**Exercise data**
══════════

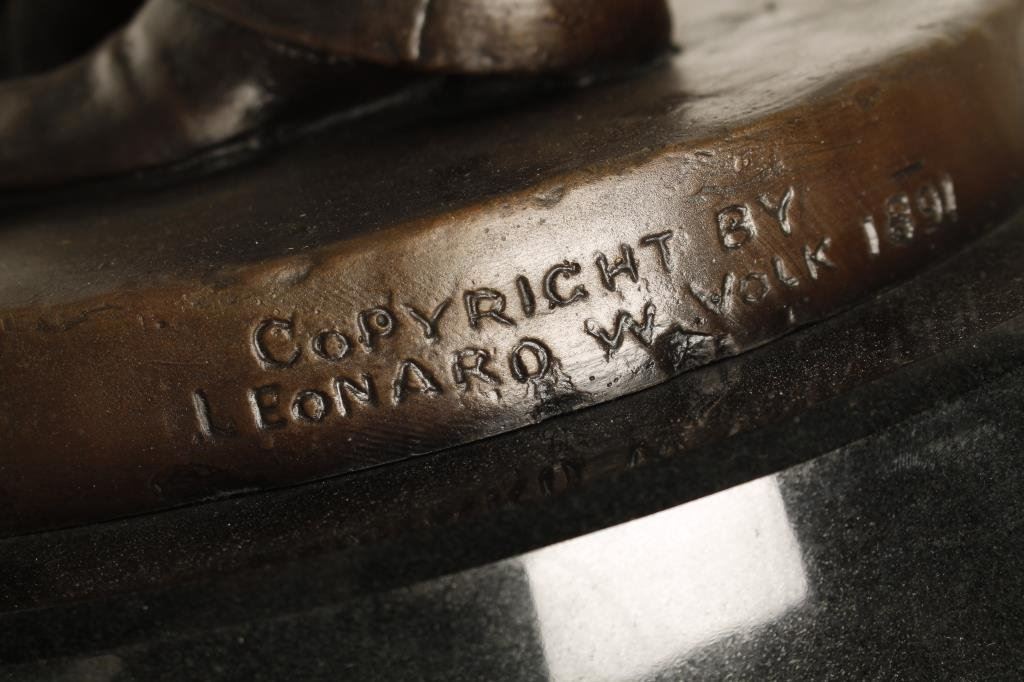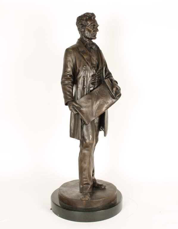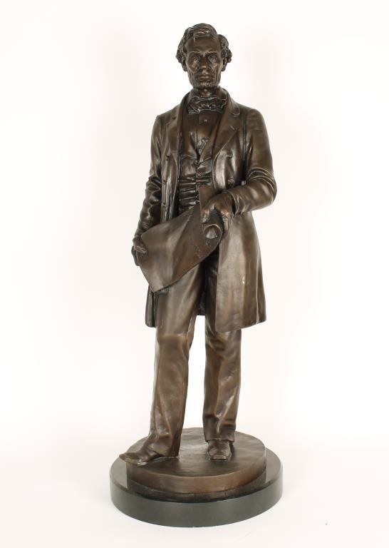 Bronze of Abraham Lincoln marked “Copyright Leonard Volk, 1891”; 32.5” not including 2” marble base. Est.: $600-$1,200.
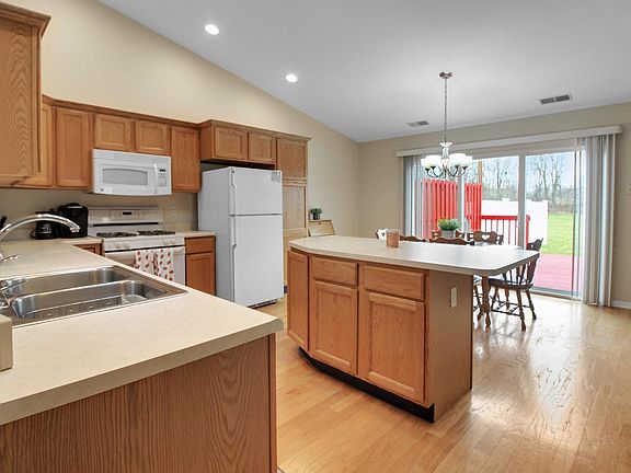 BEAUTIFUL WELL MAINTAINED HALF DUPLEX ONE LEVEL RANCH HOME in the Highly Desired FOXWOOD VILLAS of SCHERERVILLE! Freshly Painted Spacious Open Concept Livingrm w/HIGH VAULTED CEILINGS & SKYLIGHTS for lots of Natural Lighting, COZY GAS FIREPLACE w/Matel, Can Lighting & Ceiling Fan! Huge Eat-In Kitchen includes 6' ISLAND COUNTER, Quality Oak Cabinets w/CROWN MOLDING, Newer Pendant & Can lighting & PATIO DOORS THAT OPEN TO 16'X12' DECK along with Huge Backyard that is great for entertaining Family & Friends! SPACIOUS 15x13' MASTERBEDRM has Walk-in Closet & ATTACHED MASTER BATH ENSUITE w/Step-in Shower! Laundry includes Dryer & NEW WASHER, Sink & Cabinets. SPACIOUS 2ND 13X12' BEDRM w/Closet & Ceiling Fan/Light. Main Bath w/Tub/Shower & Pedestal Sink & Wall Cabinet. Foyer w/Coat Closet opens to Attached 2 CAR GARAGE W/OPENER & Keypad entry. Baths & Laundry w/CERAMIC TILE FLRS! Seller providing 1 yr HSA BUYER HOME WARRANTY! Close to Shopping & Restaurants! LOW INDIANA TAXES ONLY $1563 A YR!
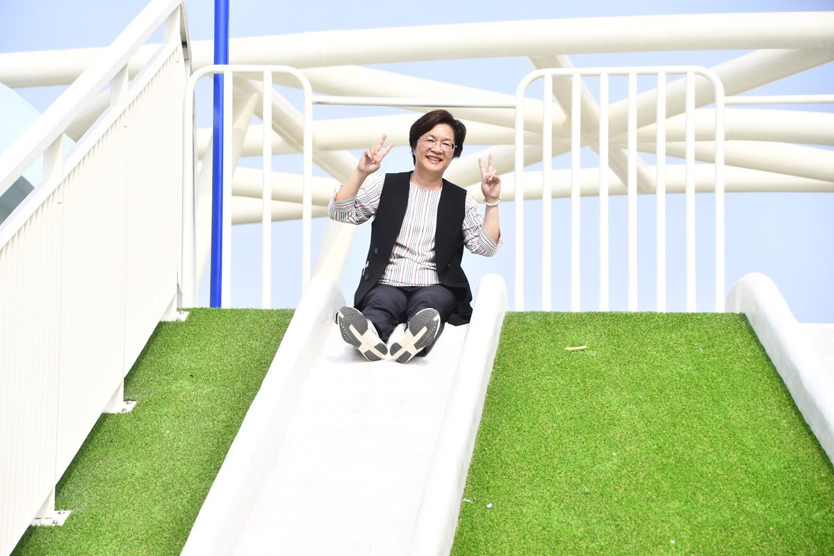 為響應「2025台灣設計展」,彰化縣政府與台灣設計研究院(TDRI)攜手合作,將前身民族新村的區域打造成八卦山「天空遊戲場」,雙十節開始正式試營運,設計展後將擇期正式開幕。彰化縣長王惠美今(9)日上午偕同台灣設計研究院院長張基義、設計師等人前往視察。王縣長表示,「天空遊戲場」設計概念是以「雲朵」以及「灰面鵟鷹」為靈感,有很多景點可以拍照打卡,親子共遊,感謝台灣設計研究院親自操刀,融合地方景觀打造共融式遊戲空間。「天空遊戲場」總經費達新臺幣6,000萬元,縣府向內政部爭取「兒童遊戲場環境設施改善計畫」補助550萬元,縣府自籌5,000萬元,並由台灣設計研究院提撥450萬元經費辦理規劃作業,感謝議長謝典霖及議員對預算的大力支持。未來將在側邊空地興建「長照大樓」,希望長輩能利用公園好好運動,陪伴孫子享受遊憩時光。

══════════

**Problem statement**
The whole listing must come back verbatim, with no pictures included.

**Result**
 Bronze of Abraham Lincoln marked “Copyright Leonard Volk, 1891”; 32.5” not including 2” marble base. Est.: $600-$1,200.
 BEAUTIFUL WELL MAINTAINED HALF DUPLEX ONE LEVEL RANCH HOME in the Highly Desired FOXWOOD VILLAS of SCHERERVILLE! Freshly Painted Spacious Open Concept Livingrm w/HIGH VAULTED CEILINGS & SKYLIGHTS for lots of Natural Lighting, COZY GAS FIREPLACE w/Matel, Can Lighting & Ceiling Fan! Huge Eat-In Kitchen includes 6' ISLAND COUNTER, Quality Oak Cabinets w/CROWN MOLDING, Newer Pendant & Can lighting & PATIO DOORS THAT OPEN TO 16'X12' DECK along with Huge Backyard that is great for entertaining Family & Friends! SPACIOUS 15x13' MASTERBEDRM has Walk-in Closet & ATTACHED MASTER BATH ENSUITE w/Step-in Shower! Laundry includes Dryer & NEW WASHER, Sink & Cabinets. SPACIOUS 2ND 13X12' BEDRM w/Closet & Ceiling Fan/Light. Main Bath w/Tub/Shower & Pedestal Sink & Wall Cabinet. Foyer w/Coat Closet opens to Attached 2 CAR GARAGE W/OPENER & Keypad entry. Baths & Laundry w/CERAMIC TILE FLRS! Seller providing 1 yr HSA BUYER HOME WARRANTY! Close to Shopping & Restaurants! LOW INDIANA TAXES ONLY $1563 A YR!
 為響應「2025台灣設計展」,彰化縣政府與台灣設計研究院(TDRI)攜手合作,將前身民族新村的區域打造成八卦山「天空遊戲場」,雙十節開始正式試營運,設計展後將擇期正式開幕。彰化縣長王惠美今(9)日上午偕同台灣設計研究院院長張基義、設計師等人前往視察。王縣長表示,「天空遊戲場」設計概念是以「雲朵」以及「灰面鵟鷹」為靈感,有很多景點可以拍照打卡,親子共遊,感謝台灣設計研究院親自操刀,融合地方景觀打造共融式遊戲空間。「天空遊戲場」總經費達新臺幣6,000萬元,縣府向內政部爭取「兒童遊戲場環境設施改善計畫」補助550萬元,縣府自籌5,000萬元,並由台灣設計研究院提撥450萬元經費辦理規劃作業,感謝議長謝典霖及議員對預算的大力支持。未來將在側邊空地興建「長照大樓」,希望長輩能利用公園好好運動,陪伴孫子享受遊憩時光。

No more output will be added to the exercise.